SS instructions are minorly faster than the PS variety. Exactly why this is I'm not sure, since they should be operating entirely in parallel. Also, the SS instructions allow you to operate on single floats throughout, thus avoiding the almost FPU entirely (not all functionality is replicated). Due to the number of SSE registers this allows for significantly more parallel calculation capabilities than the FPU can perform, typically. Especially since the destination can be seperated from the source, something that the FPU stack isn't so great at :)
Quote:

Quote:
 Original post by WashuNope ... the minor amount of time a branch miss will attract is insignificant compared to the amount of time waiting for something from main memory.

Of course... but as I said, everything's relative! Of COURSE we don't want a mem fetch (even worse is a cache miss, but even if a hit). But on a more picky level, we also would like to avoid a mispredicted branch (or even a correctly predicted branch on an architecture that doesn't prefetch instructions well)!

Again, watch his lecture, it's very much worth it.

##### Share on other sites
Quote:
 Original post by WashuSS instructions are minorly faster than the PS variety.

Really?
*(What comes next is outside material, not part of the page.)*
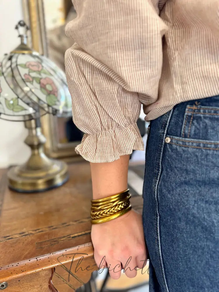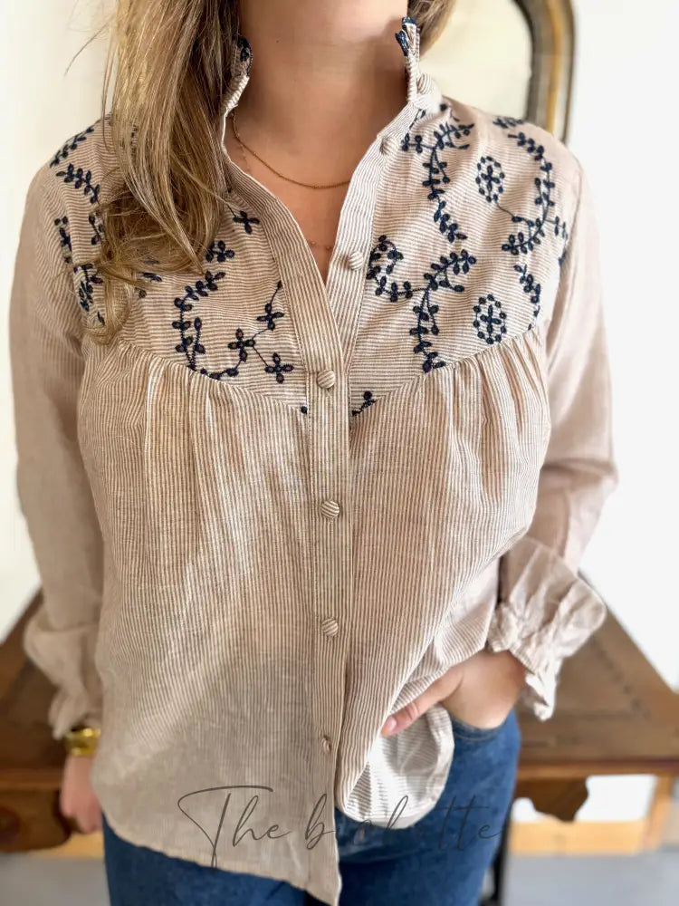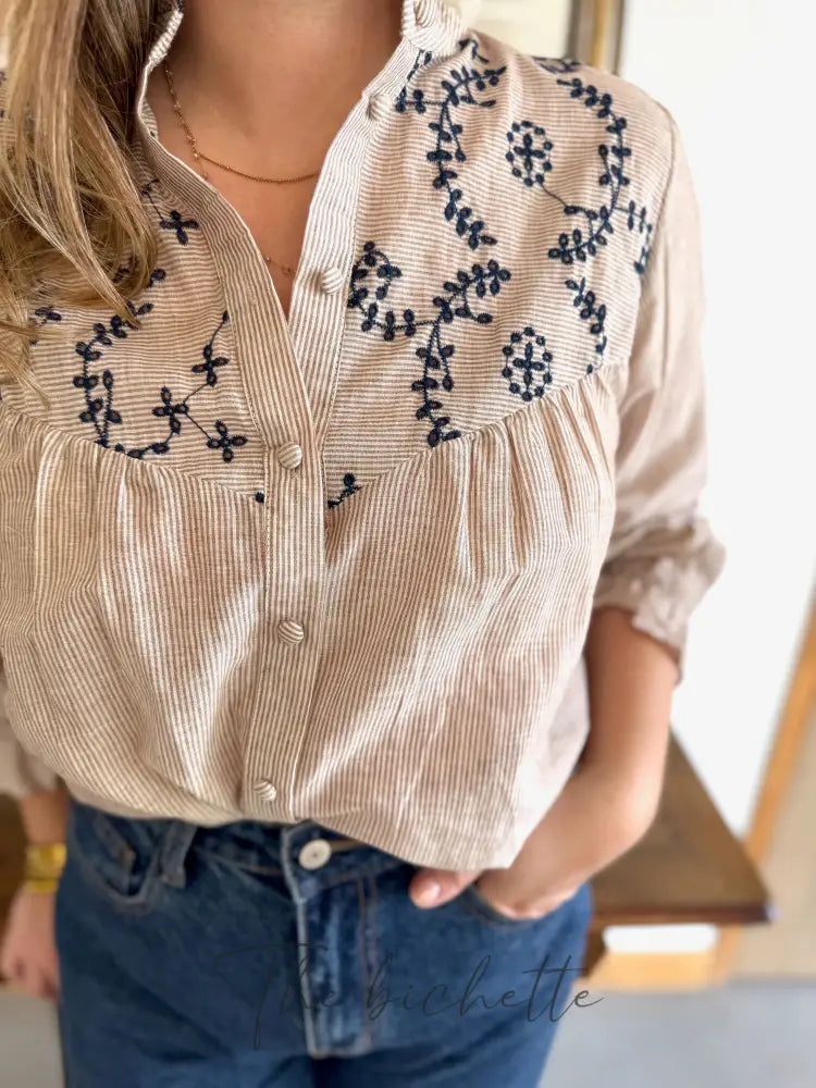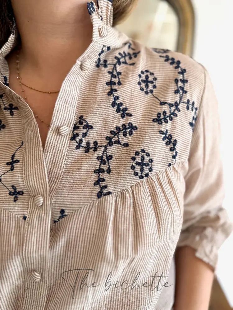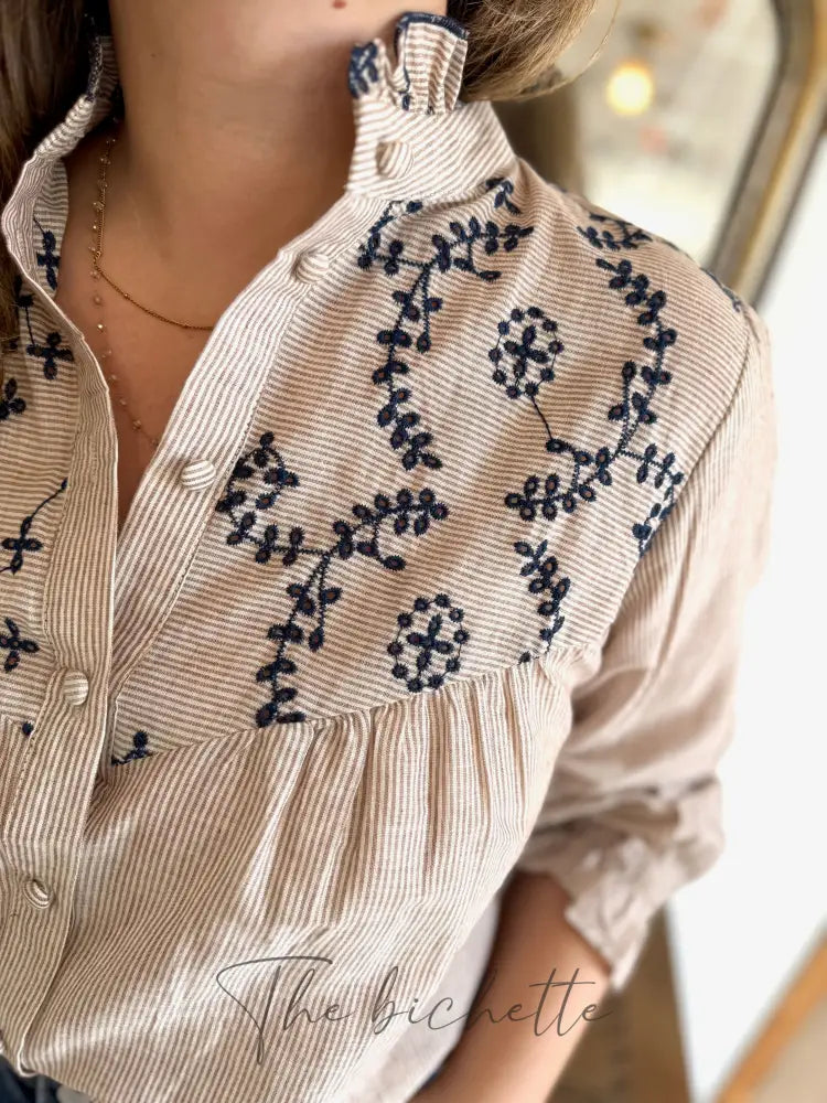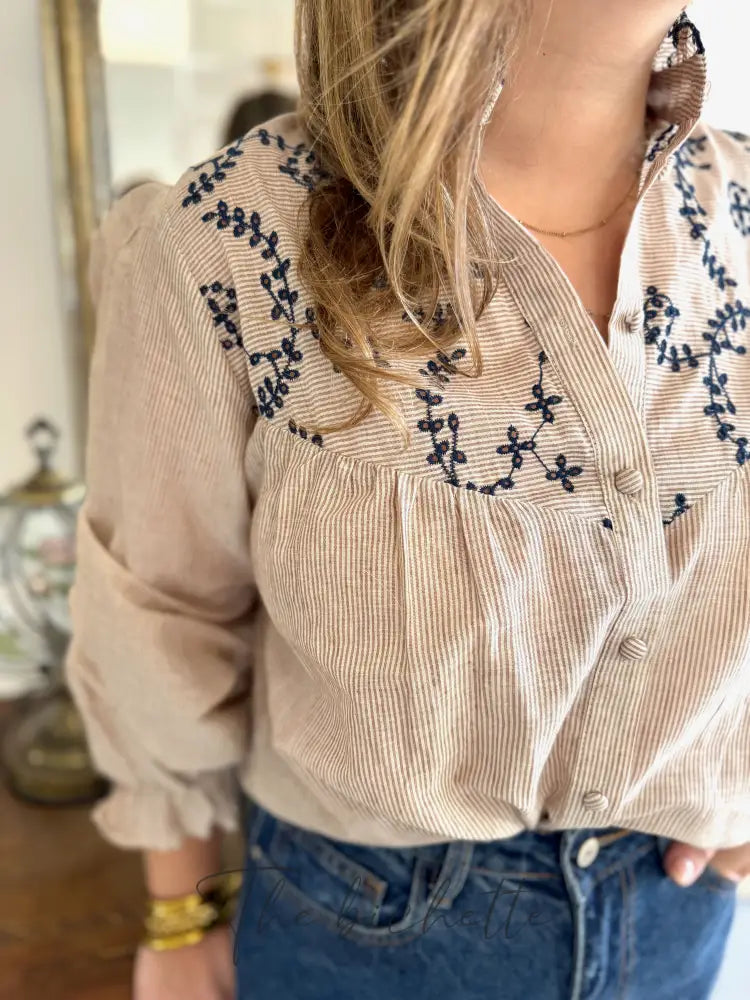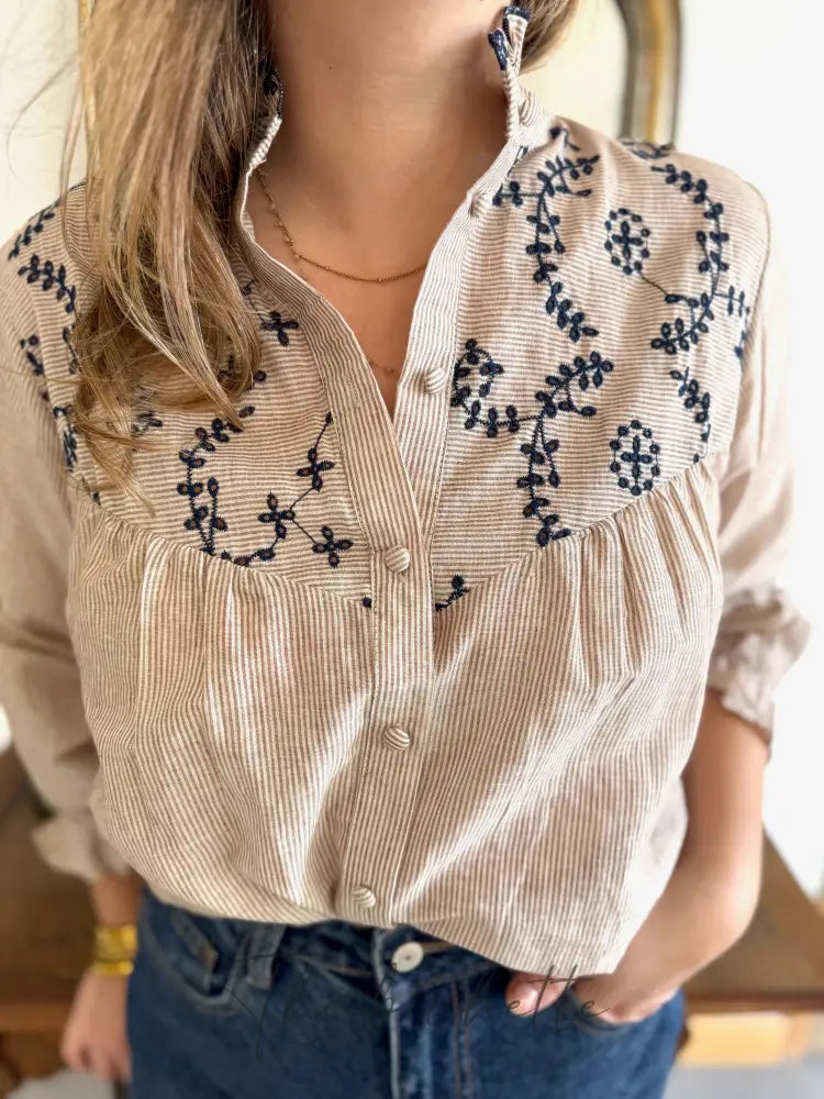 Striped and embroidered blouse, taupe & navy • Maëlle

Where did you find that, I couldn't find any documentation on that anywhere. :D

Quote:
 Original post by WashuAgain, watch his lecture, it's very much worth it.

Will do. I also read your archived journal entries.. very good! Die-hard singleton fans/critic rants are always fun to read too.

##### Share on other sites
Quote:
Original post by discman1028
Quote:
 Original post by WashuSS instructions are minorly faster than the PS variety. Exactly why this is I'm not sure, since they should be operating entirely in parallel.

Really? Where did you find that, I couldn't find any documentation on that anywhere. :D

One of the intel reference manuals relating to optimizing code for the Core2Duo platform.
Quote:

Quote:
 Original post by WashuAgain, watch his lecture, it's very much worth it.

Will do. I also read your archived journal entries.. very good! Die-hard singleton fans/critic rants are always fun to read too.

Eh, lets leave singletons out of this.